#### The task
Copy out the lines beginning with the one that contains "W tym właśnie" and ending with the last line below, exactly as they stand. Pictures are not copied.

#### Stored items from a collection
☆ ☆ ☆ ☆ ☆

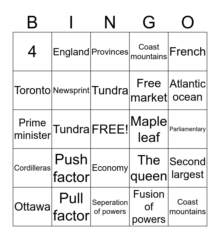 This bingo card has a free space and 24 words: Push factor, Pull factor, Tundra, Ottawa, French, 4, Toronto, England, Maple leaf, Economy, Free market, Prime minister, The queen, Second largest, Newsprint, Fusion of powers, Parliamentary, Provinces, Atlantic ocean, Tundra, Coast mountains, Cordilleras, Coast mountains and Seperation of powers.
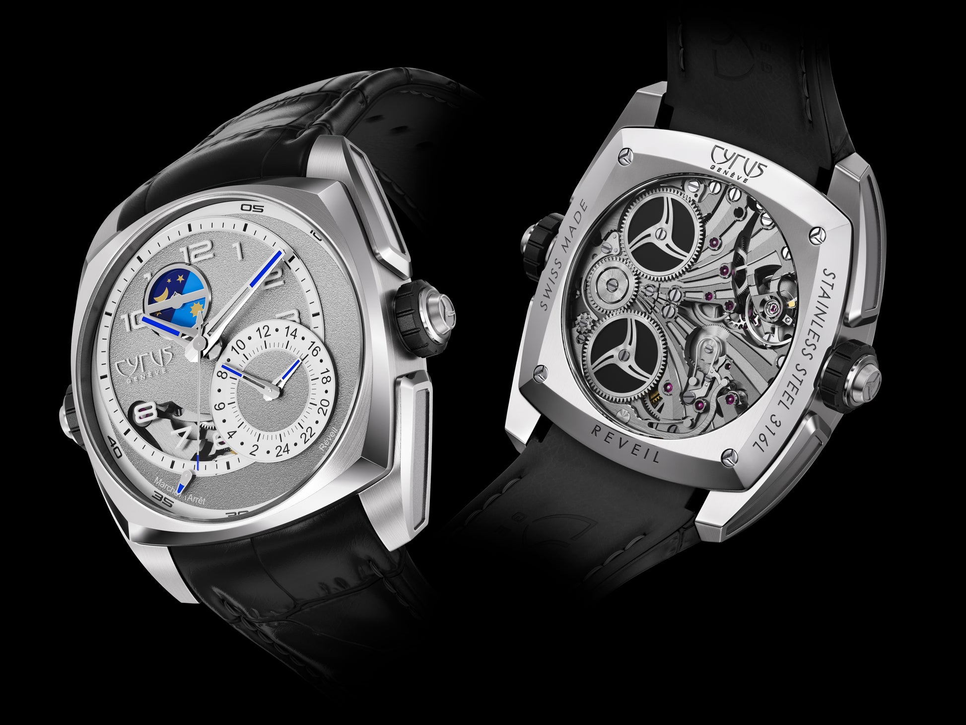 With hour/minute, 24-hour alarm and day/night indicator functions, the watch is powered by the in-house manufacture hand-winding calibre CYR1280, with double barrel, offering 72-hour power reserve.
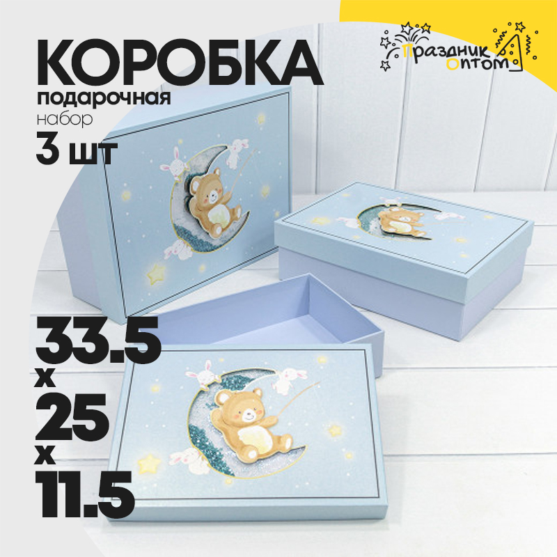 Коробка 33.5х25х11.5 см Набор 3 шт "Мишка" (Голубой)
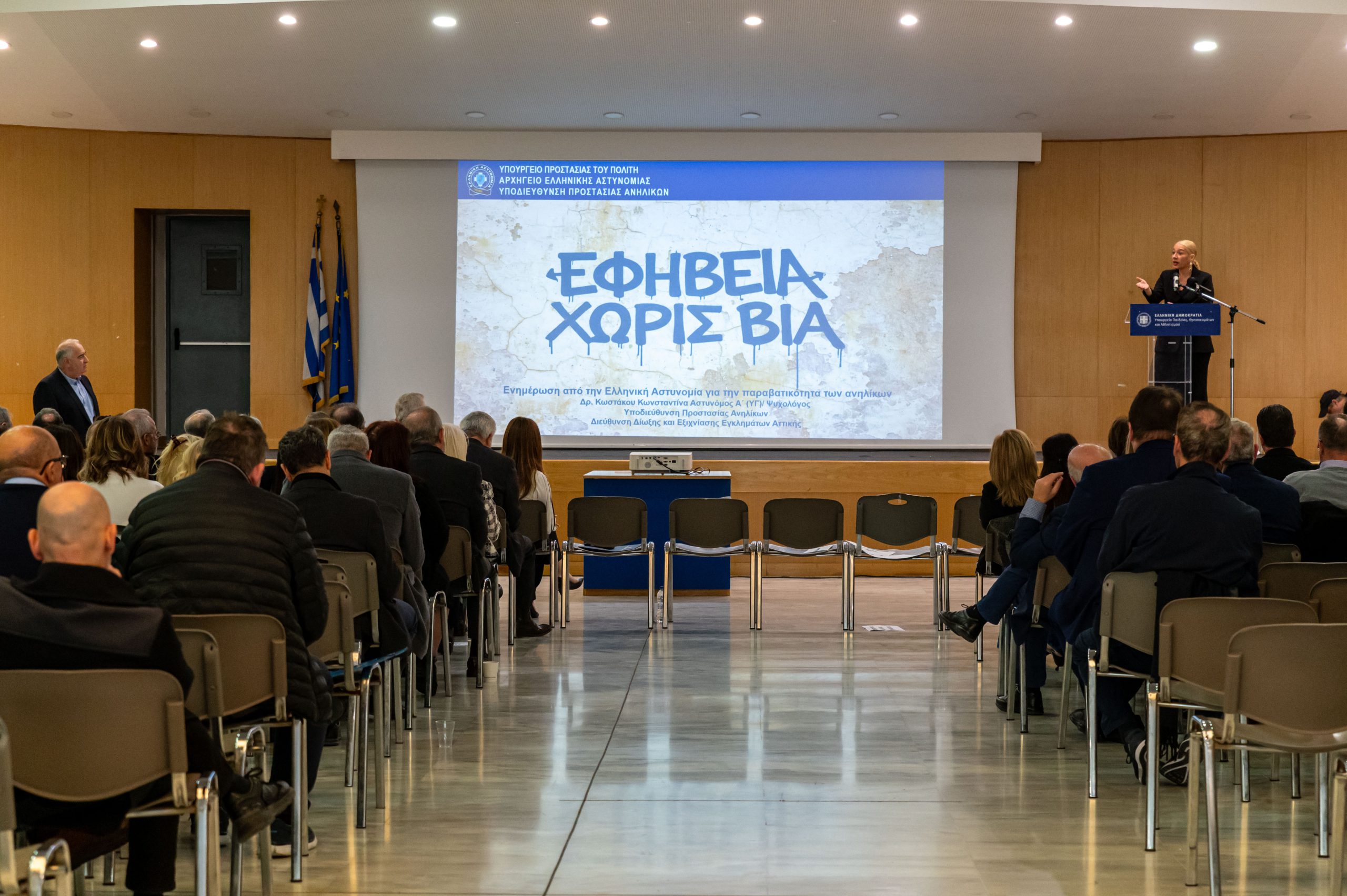 Από εκεί και πέρα, επειδή όταν είσαι πολιτικός, όταν ασκείς διακυβέρνηση πρέπει πάντα να σκέφτεσαι να βλέπεις μπροστά και πρέπει πάντα να προσαρμόζεσαι στις νέες συνθήκες, γιατί αυτός που δεν προσαρμόζεται, μένει πολύ πίσω και μετά τα κρίνει τα προβλήματα, όπως συνηθίζουμε πολλές φορές να κάνουμε στην Χώρα μας. Ή, λοιπόν, εμείς προσπαθούμε να πάμε ταυτόχρονα με το πρόβλημα ή ένα βήμα μπροστά. Ιδρύσαμε πριν από λίγους μήνες μια νέα δομή στο Αρχηγείο της Ελληνικής Αστυνομίας, τη Διεύθυνση Κοινωνικής Αστυνόμευσης που είναι παρούσα η επικεφαλής της. Η Αστυνομική Διευθύντρια κυρία Πατρωνούδη. Ιδρύσαμε επίσης μια νέα Υπηρεσία, η οποία πάει λίγο πιο βαθιά ακόμα στα ζητήματα διερεύνησης των οργανωμένων κυκλωμάτων, των οργανωμένων δικτύων που προάγουν και παράγουν τη βία στους ανηλίκους και ταυτόχρονα παράγουν και προάγουν τη βία σε χώρους όπως ο αθλητισμός, στα ναρκωτικά και μια σειρά άλλες παράνομες συμπεριφορές. Αυτή η Υπηρεσία είναι η Διεύθυνση Αντιμετώπισης του Οργανωμένου Εγκλήματος στην οποία ο επικεφαλής είναι ο κ. Ντουίτσης, παρών σήμερα εδώ.
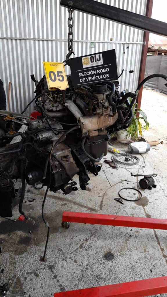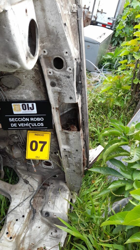 Además de los vehículos, se confiscaron una motocicleta reportada como robada en Santa Bárbara de Heredia, un automóvil negro por alteración de señas y marcas, así como diversos componentes vehiculares vinculados a casos de robo. Entre estos, se encontraba un chasis con denuncia de sustracción en febrero pasado en San José, así como motores y piezas de carrocería también bajo investigación.
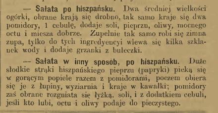 W tym właśnie piśmie znalazłam garść przepisów z kuchni tak odległych, jak serbska i hiszpańska. Są to m.in. dwa dania nazwane sałatą. Pierwsze można podać właśnie jako chłodnik, czyli nasze gazpacho. Autor recepty o tym pisze. Drugie zresztą także można rozrzedzić do konsystencji zupy, choć nie jest to już wspomniane.
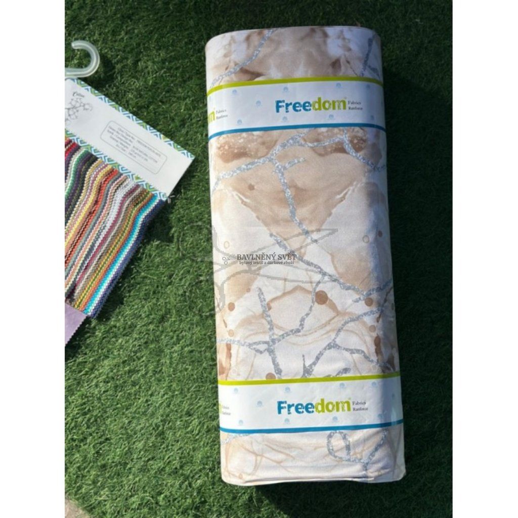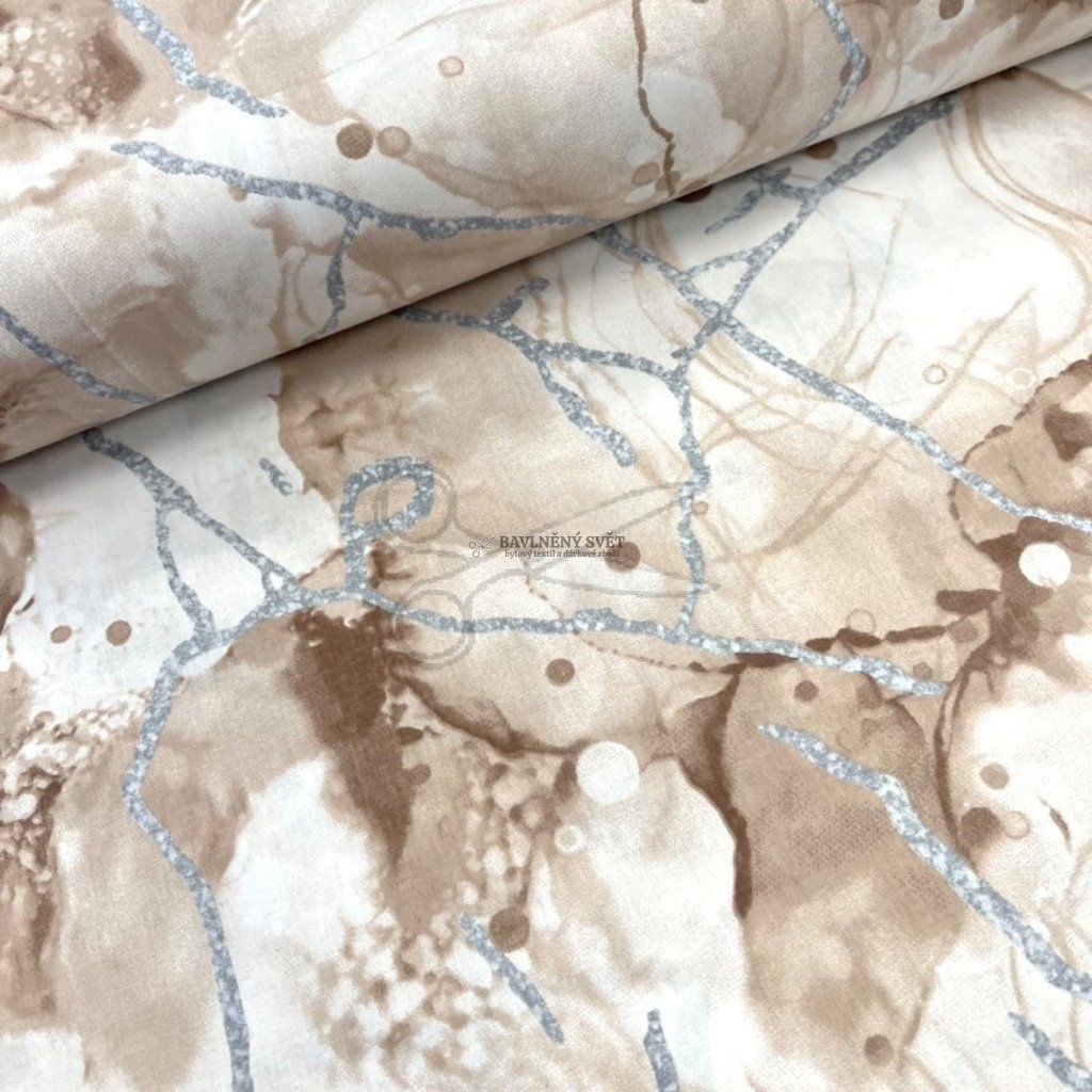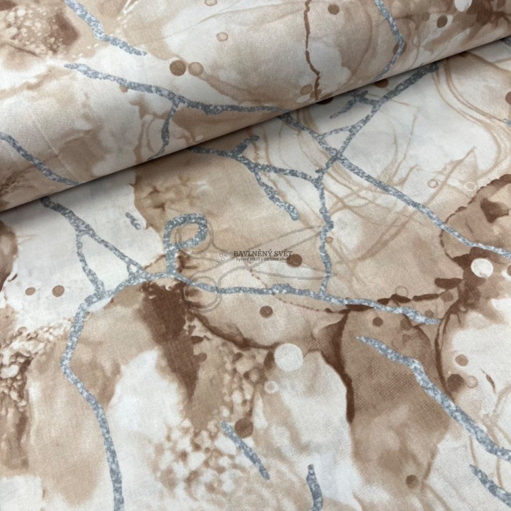 Vzor mramoru působí velmi čistě, což umožňuje látku využít v klasických i moderně laděných interiérech. Pokud se věnujete patchworku, toto plátno je perfektní pro kombinování s jednobarevnými látkami v hnědých a béžových odstínech, se kterými vytvoří harmonický celek. Látka je pevná, hustě tkaná a velmi příjemná na omak. Díky své odolnosti a výhodné ceně se skvěle hodí i jako kvalitní podšívka do batohů, tašek a kabelek, kterým dodá luxusní vzhled.

☆ ☆ ☆ ☆ ☆

#### Exercise output
 W tym właśnie piśmie znalazłam garść przepisów z kuchni tak odległych, jak serbska i hiszpańska. Są to m.in. dwa dania nazwane sałatą. Pierwsze można podać właśnie jako chłodnik, czyli nasze gazpacho. Autor recepty o tym pisze. Drugie zresztą także można rozrzedzić do konsystencji zupy, choć nie jest to już wspomniane.
 Vzor mramoru působí velmi čistě, což umožňuje látku využít v klasických i moderně laděných interiérech. Pokud se věnujete patchworku, toto plátno je perfektní pro kombinování s jednobarevnými látkami v hnědých a béžových odstínech, se kterými vytvoří harmonický celek. Látka je pevná, hustě tkaná a velmi příjemná na omak. Díky své odolnosti a výhodné ceně se skvěle hodí i jako kvalitní podšívka do batohů, tašek a kabelek, kterým dodá luxusní vzhled.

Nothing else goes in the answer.